Mozzarella Pesto Stuffed Chicken Breasts
By carvalhohm2
1 Picture
Ingredients
- Homemade Pesto, if desired:
- 1 cup firmly packed fresh basil leaves
- 2 tablespoons pine nuts
- 1 clove garlic
- 1/4 cup olive or vegetable oil
- 1/3 cup grated Parmesan cheese
- Chicken:
- 4 boneless skinless chicken breasts
- 1 cup Homemade Pesto or purchased basil pesto
- 4 slices (1/2 inch thick) mozzarella cheese
- 1 cup plain bread crumbs
- 1 teaspoon salt
- 1 teaspoon pepper
- Toothpicks
Details
Servings 4
Cooking time 55mins
Adapted from bettycrocker.com
Preparation
Step 1
1 If using Homemade Pesto, place basil and pine nuts in food processor. Cover; process a few times with on-and-off pulses. Add garlic; pulse a few times. Slowly add oil in stream while processor is running, stopping to scrape down sides of processor with rubber spatula. Add Parmesan cheese; pulse until blended.

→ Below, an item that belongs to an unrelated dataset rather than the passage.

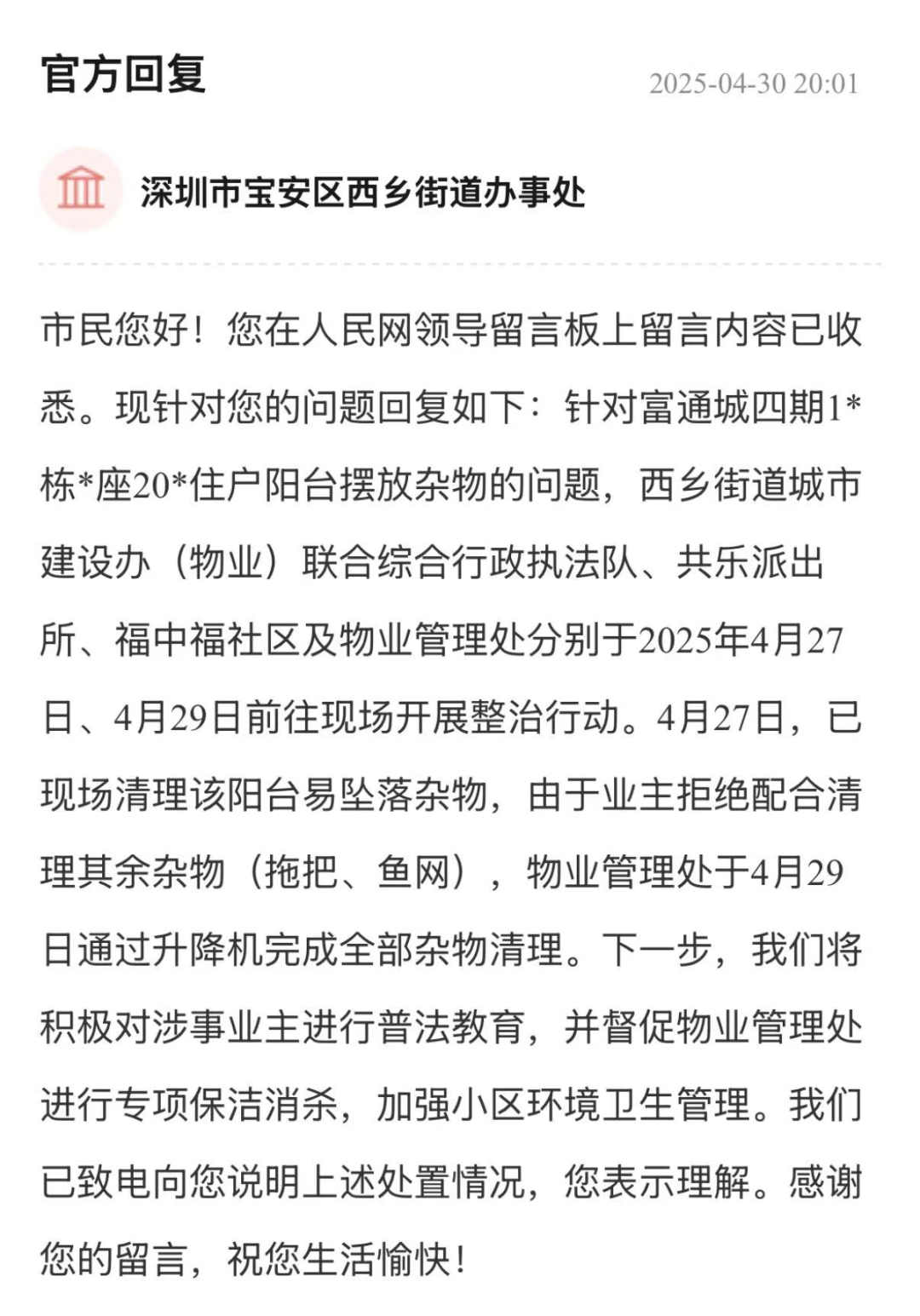 有市民反映寶安區(qū)西鄉(xiāng)街道富通城一住戶在陽臺懸掛雜物,嚴重影響居住環(huán)境

2 Heat oven to 375°F. Spray 13x9-inch (3-quart) glass baking dish with cooking spray.
3 To butterfly each chicken breast, start at long side and cut in half horizontally, cutting almost but not completely through. Open chicken and flatten to resemble butterfly shape.

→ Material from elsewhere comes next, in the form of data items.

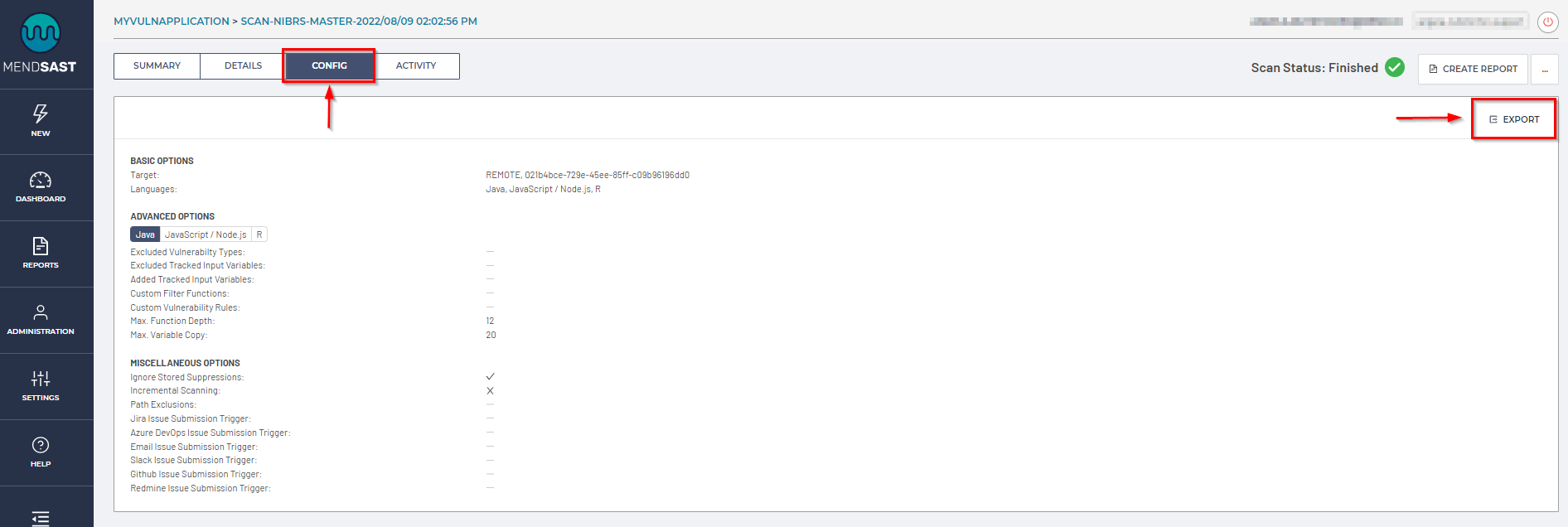 The scan Config tab displays the configuration used for the specific scan. You can also export this configuration into a JSON file to use for future SAST scans by clicking on Export: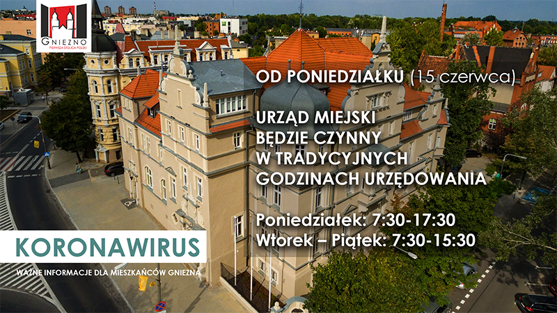 Niezmiennie rekomendujemy mieszkańcom ograniczenie wizyt w Urzędzie do niezbędnego minimum i przypominamy, że szereg spraw załatwić można drogą elektroniczną bądź telefoniczną, pod numerem: 61 426 04 00. Aktualny wykaz telefonów znajduje się na stronie www.gniezno.eu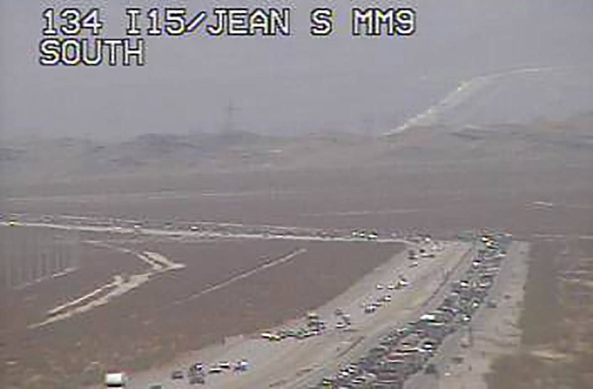 By late Monday, traffic cameras on I-15 still showed a mileslong backup near Primm. The Nevada Highway Patrol tweeted out a plea for patience from drivers navigating the traffic.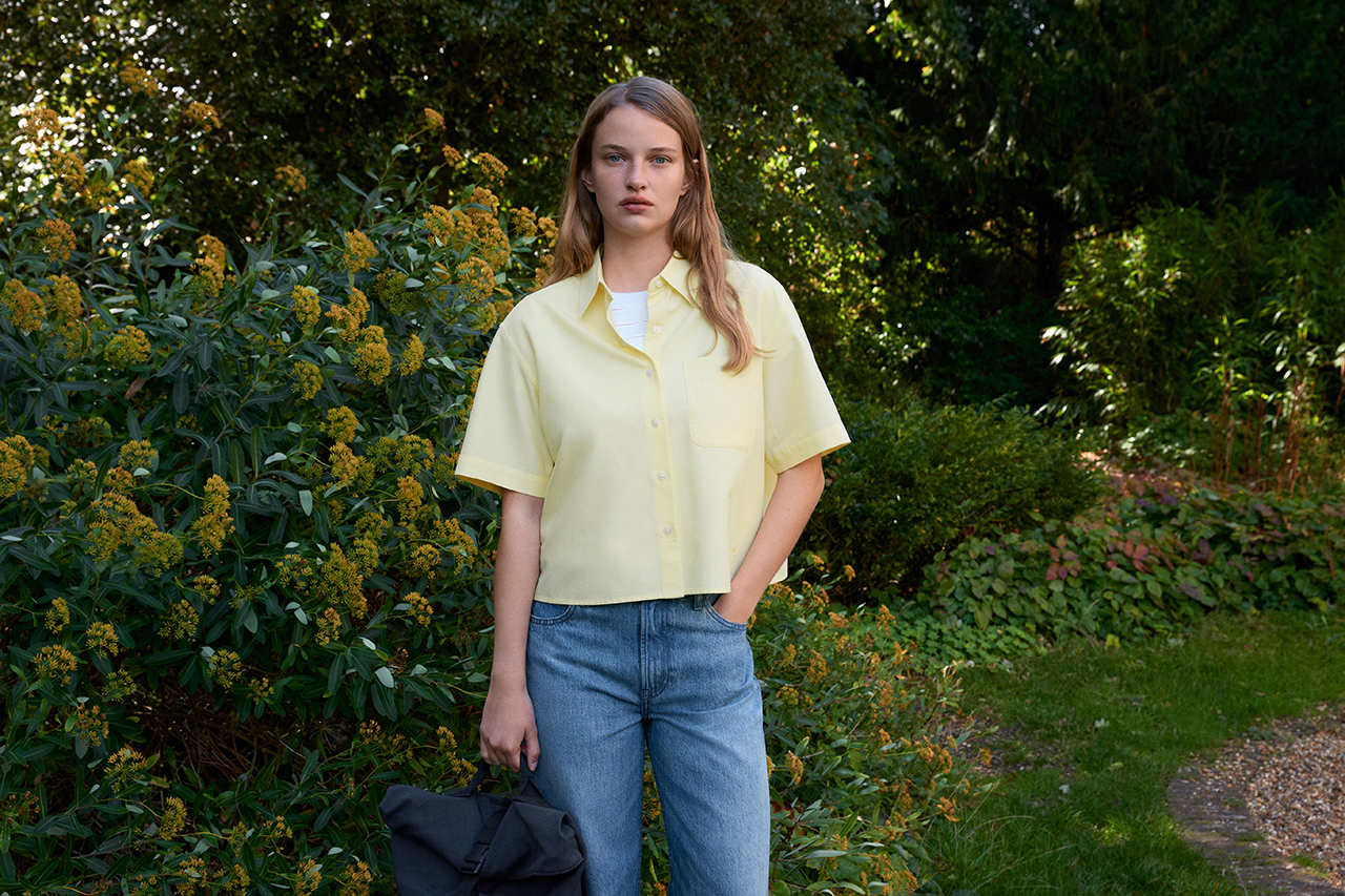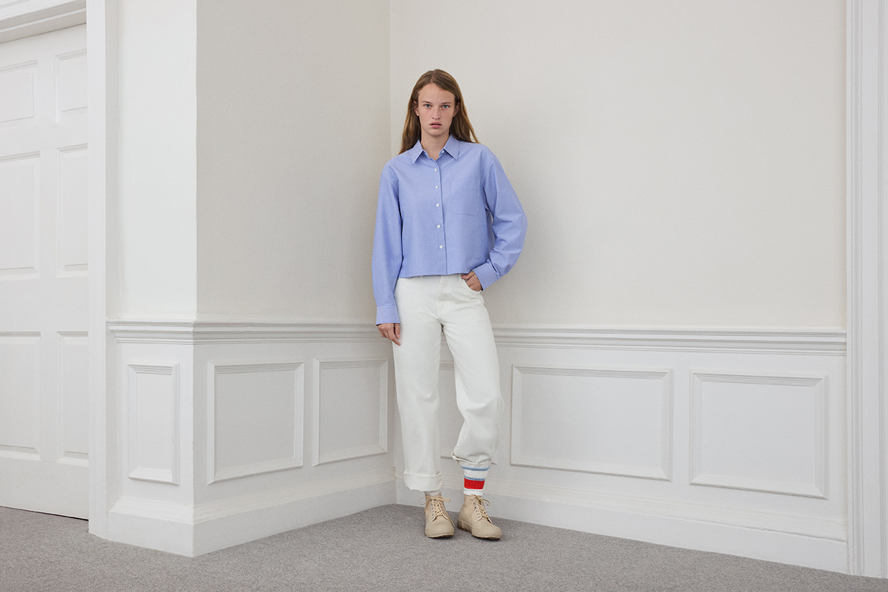 定番のウィメンズオックスフォードシャツには、待望の半袖が登場。イエローやピンクを含む全6色を展開し、ショート丈のボクシーシルエットがモダンな印象を際立たせるデザインだ。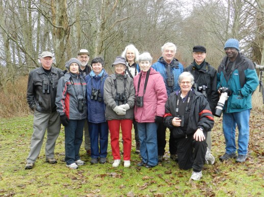 Bryan and Janet were able to locate a Brown Creeper and Hutton’s Vireo by sound, Bryan using a frequency altering BirdFinder device which allows one to hear the higher pitched songs reduced to an audible level (correct this, Bryan, if I’ve got it wrong…Roger). Walking along the trail to the river we encountered a large flock of Pine Siskins with some Common Redpolls mixed in with them. Always difficult to see because they are so high up in the trees and constantly flitting, it was difficult to pin-point the Redpolls and only about half of us managed a reasonable look (any photos anyone?). On the river, and at a considerable distance, we were able to make out two Red-throated Loons, a Western Grebe, Red-breasted Merganser, and a number of Buffleheads. A few Red-tailed Hawks were seen and, of course, a number of Bald Eagles. Ken took our customary Group ( I’m sure I said “Group” and not, thanks Ken, “Grope”! …Roger) photo.

4 Spread 1/4 cup Homemade Pesto onto each chicken breast; top each with 1 slice mozzarella cheese. Wrap chicken around cheese; secure with toothpicks.
5 In large bowl, mix bread crumbs, salt and pepper. Coat chicken with bread crumbs; place in baking dish.
6 Bake 30 to 40 minutes or until chicken is no longer pink in center. Cut into slices to serve.
For more flavor, add 1 teaspoon dried basil leaves to the bread crumb mixture.
To make this recipe quicker, omit the bread crumbs and cook the chicken in a skillet that has been drizzled with olive oil.